**DATA BLOCK:**

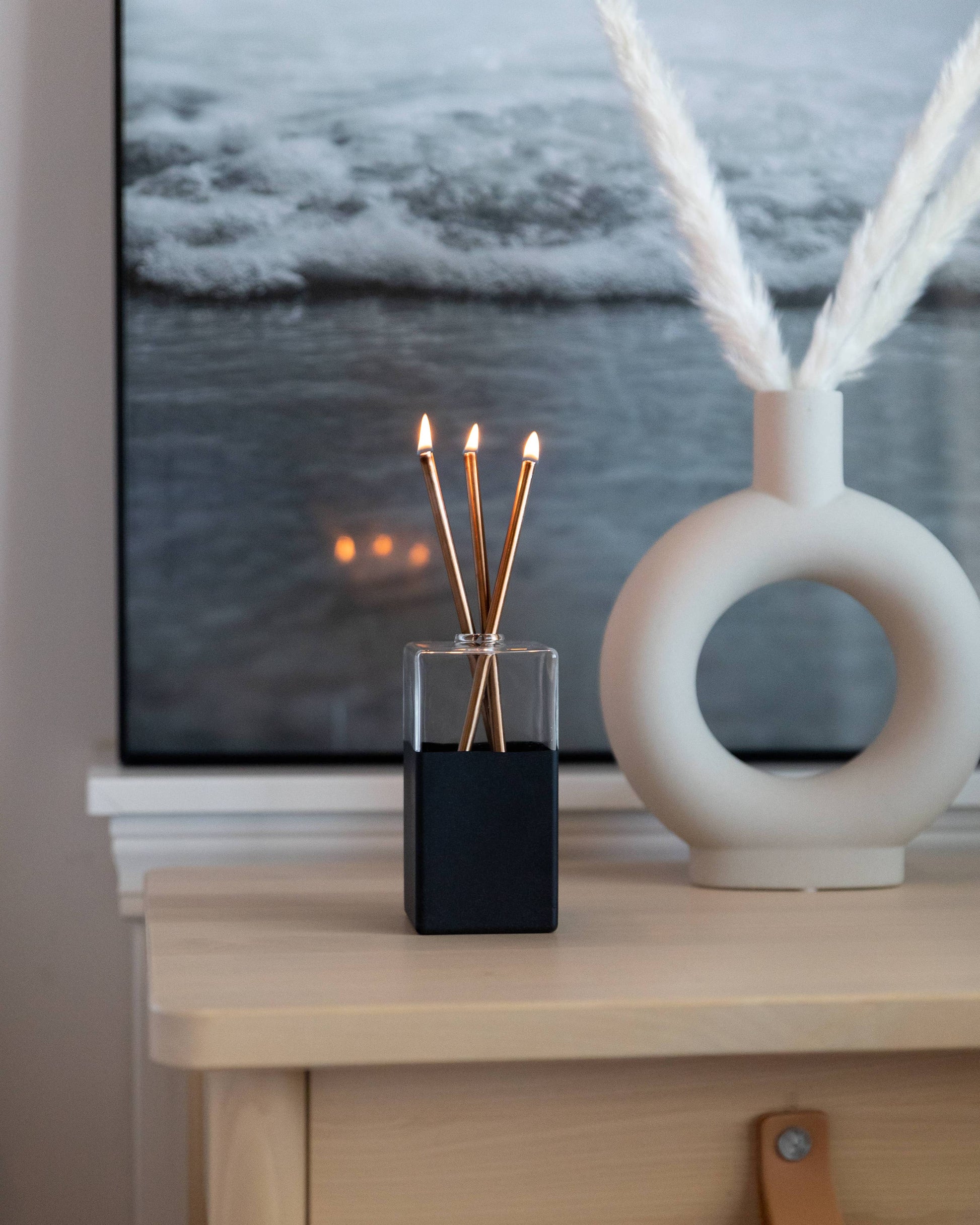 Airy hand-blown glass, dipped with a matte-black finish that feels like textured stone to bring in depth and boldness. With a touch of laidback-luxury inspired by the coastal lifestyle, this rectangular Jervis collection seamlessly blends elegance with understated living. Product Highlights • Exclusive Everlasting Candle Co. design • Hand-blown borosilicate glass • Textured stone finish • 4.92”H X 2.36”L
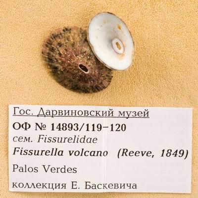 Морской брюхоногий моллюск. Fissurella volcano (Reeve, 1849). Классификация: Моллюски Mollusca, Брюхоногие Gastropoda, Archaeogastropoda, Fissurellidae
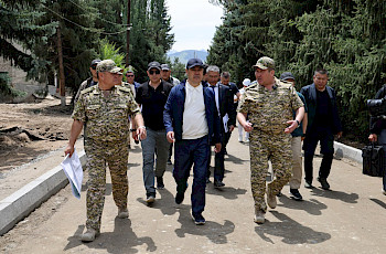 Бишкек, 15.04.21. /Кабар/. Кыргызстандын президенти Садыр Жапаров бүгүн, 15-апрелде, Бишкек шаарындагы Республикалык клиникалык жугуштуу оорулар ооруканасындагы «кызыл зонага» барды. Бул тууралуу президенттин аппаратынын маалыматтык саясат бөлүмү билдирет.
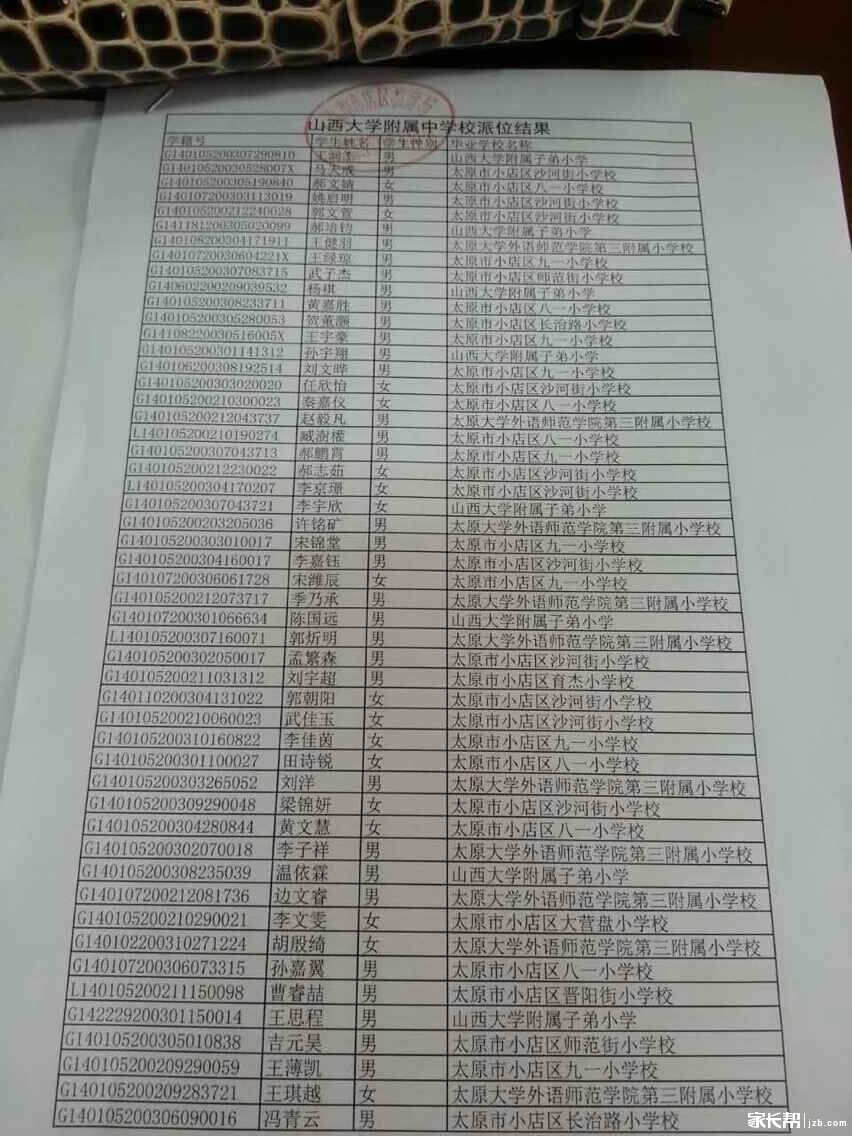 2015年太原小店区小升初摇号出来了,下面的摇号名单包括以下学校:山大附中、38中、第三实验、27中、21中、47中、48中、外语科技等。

**WHAT YOU NEED TO DO:** Return the listing verbatim, pictures excluded.

**SOLUTION TO THIS EXERCISE:**
 Airy hand-blown glass, dipped with a matte-black finish that feels like textured stone to bring in depth and boldness. With a touch of laidback-luxury inspired by the coastal lifestyle, this rectangular Jervis collection seamlessly blends elegance with understated living. Product Highlights • Exclusive Everlasting Candle Co. design • Hand-blown borosilicate glass • Textured stone finish • 4.92”H X 2.36”L
 Морской брюхоногий моллюск. Fissurella volcano (Reeve, 1849). Классификация: Моллюски Mollusca, Брюхоногие Gastropoda, Archaeogastropoda, Fissurellidae
 Бишкек, 15.04.21. /Кабар/. Кыргызстандын президенти Садыр Жапаров бүгүн, 15-апрелде, Бишкек шаарындагы Республикалык клиникалык жугуштуу оорулар ооруканасындагы «кызыл зонага» барды. Бул тууралуу президенттин аппаратынын маалыматтык саясат бөлүмү билдирет.
 2015年太原小店区小升初摇号出来了,下面的摇号名单包括以下学校:山大附中、38中、第三实验、27中、21中、47中、48中、外语科技等。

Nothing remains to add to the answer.